Database Audit Logs and Tables
Databases contain some of the most sensitive corporate data - customer records, financial data, patient records and more. Audit records of all database queries are vital to have in order to understand who accessed or changed what data when. Database audit logs are also useful to understand how applications are using databases to optimize queries. Some databases log audit records to files, while others maintain audit tables accessible via SQL.
Filesystem Audit Logs
The sensitive data that's not in databases is on filesystems, often being shared. In some industries such as healthcare, the biggest data leakage risk is consumer records on shared filesystems. Different operating systems, third party tools and storage technologies provide different options for auditing read access to sensitive data at the filesystem level. This audit data is a vital datasource for monitoring and investigating access to sensitive data.
Management and Logging APIs
Increasingly vendors are exposing critical management data and log events through both standardized and proprietary APIs rather than by logging to files. Checkpoint firewalls log via the OPSEC Log Export API (OPSEC LEA). Virtualization vendors including VMware and Citrix expose configurations, logs and system status via their own APIs.

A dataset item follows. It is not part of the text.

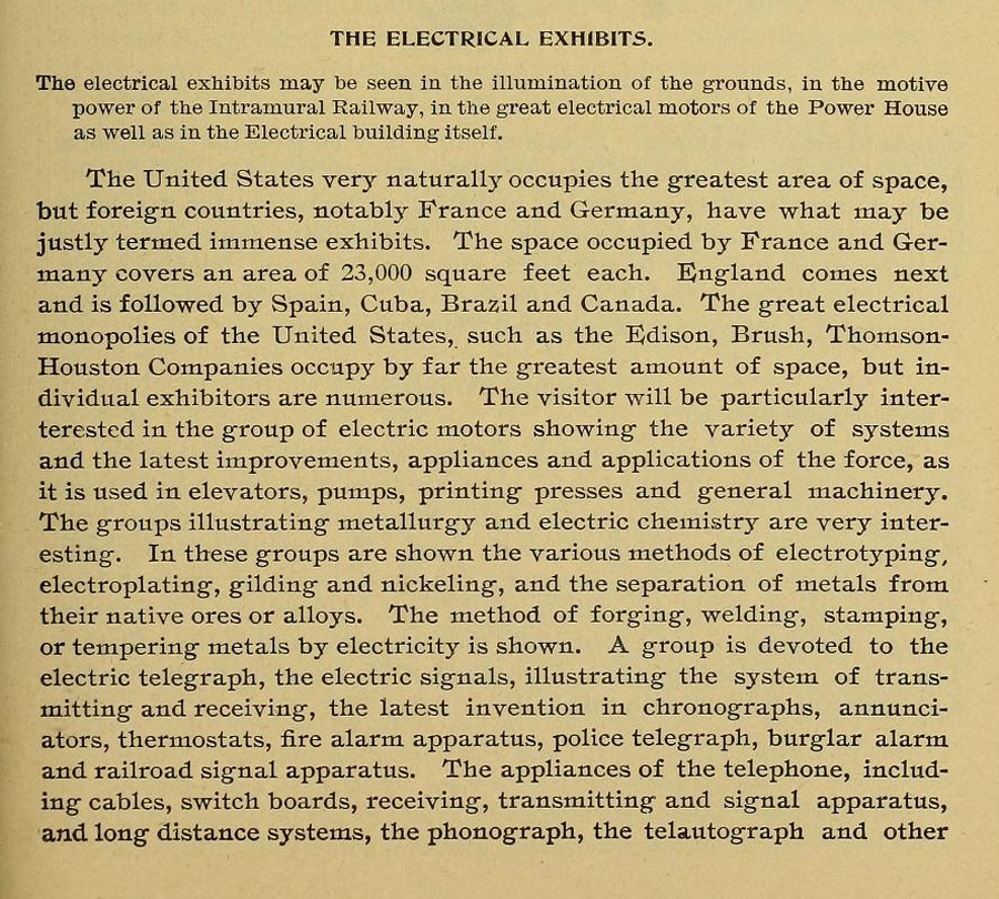 Included In the Electrical Exhibits in the Electricity Building are the phonograph, and "the new Kimetograph, invented by Edison, which transmits scenes to the eye as well as sounds to the ear." Ibid, pp. 61-62.

OS Metrics, Status and Diagnostic Commands
Operating Systems expose critical metrics like CPU and memory utilization and status information using command-line utilities like ps and iostat on Unix and Linux and perfmon on Windows. This data is usually harnessed by server monitoring tools but rarely persisted, yet it is potentially invaluable for troubleshooting, analyzing trends to discover latent issues and investigating security incidents.
Syslog, WMI and More...
There are countless other useful and important machine data sources beyond this list - source code repository logs, physical security logs, etc. You still need your firewall and IDS logs to report on network connections and attacks. Your OS logs including Unix and Linux syslog and the Windows event logs record who's logged into your servers, what administrative actions they've taken, when services start and stop and when kernel panics happen. Logs from DNS, DHCP and other network services record who's assigned what IP address and how domains are resolved. Syslog from your routers, switches and network devices record the state of your network connections and failures of critical network components. The point is that there's more to machine data than just logs and a lot more diverse logs than traditional Log Management solutions can support.